Creatine phosphate is a high-energy compound formed in muscle cells. When the phosphate molecule is released, it forms ATP, the energy currency of the cells and the primary energy source for muscle contractions.

Creatine monohydrate is a popular supplement used by athletes and fitness enthusiasts to increase the creatine phosphate stores in the muscles. It is one of the most researched supplements and is considered safe and effective for most individuals.
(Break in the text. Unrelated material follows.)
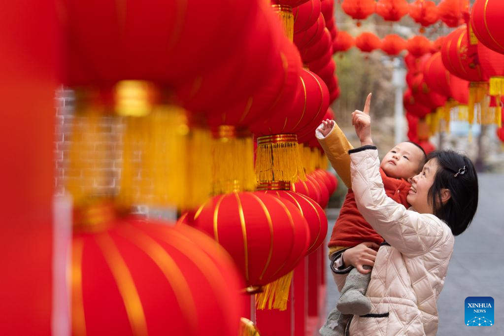 People visit a temple fair at Zhongnanmen historical and cultural tourist area in Tongren City, southwest China's Guizhou Province, Feb. 5, 2023. Various events are held across the country to celebrate the Lantern Festival, the 15th day of the first month of the Chinese lunar calendar, which falls on Feb. 5 this year. (Photo by Peng Jun/Xinhua)

I take it daily.

WHY

Exercise Benefits:

  • Increased muscle strength and power – Particularly during short-duration, high-intensity activities like weightlifting, sprinting, and activities that require quick bursts of energy.
  • Improved exercise capacity – Increases the body’s phosphocreatine stores which may lead to more reps, heavier weights, and longer durations.
  • Enhanced muscle mass – Can stimulate the building of new muscle tissue and may also increase water content within the muscles, resulting in a fuller appearance.
  • Faster recovery – Can reduce muscle damage and inflammation following intense exercise, leading to faster recovery and less muscle soreness, allowing more frequent training.
  • Injury prevention – Promotes a reduction in the frequency of dehydration, muscle cramps, and injuries to the muscles, bones, ligaments, tendons, and nerves.

Cognitive Benefits:

Newer research is only beginning to explore the cognitive benefits, so more research is needed. There are some indications that it may:

  • Enhance short-term memory and quick thinking.
  • Reduce mental fatigue with demanding mental activity and sleep deprivation or even a traumatic brain injury.
  • Improve working memory for people with low creatine levels, such as older adults or diets lacking sufficient creatine-containing foods.
  • Have neuroprotective properties beneficial for certain neurological conditions.

CREATINE SOURCES

  1. The body synthesizes creatine in the pancreas, liver, and brain.
  2. Food sources: red meats and seafood (you would need to eat 3 pounds/33 oz of beef or 2.5 pounds of salmon to get 5g of creatine)
  3. Supplement (recommended)

HOW MUCH TO SUPPLEMENT

  • Men and Women: 5g/day, ideally post-workout (I take an additional 5g after lifting for a total of 10g)

Note: It was once suggested to have a loading and maintenance phase for supplementation, but that has been shown to be less important. Exceeding the recommended dose has been linked to liver and kidney problems (but you follow instructions, don’t you).

WHAT TO BUY

Thorne Creatine (NSF Certified for Sport) 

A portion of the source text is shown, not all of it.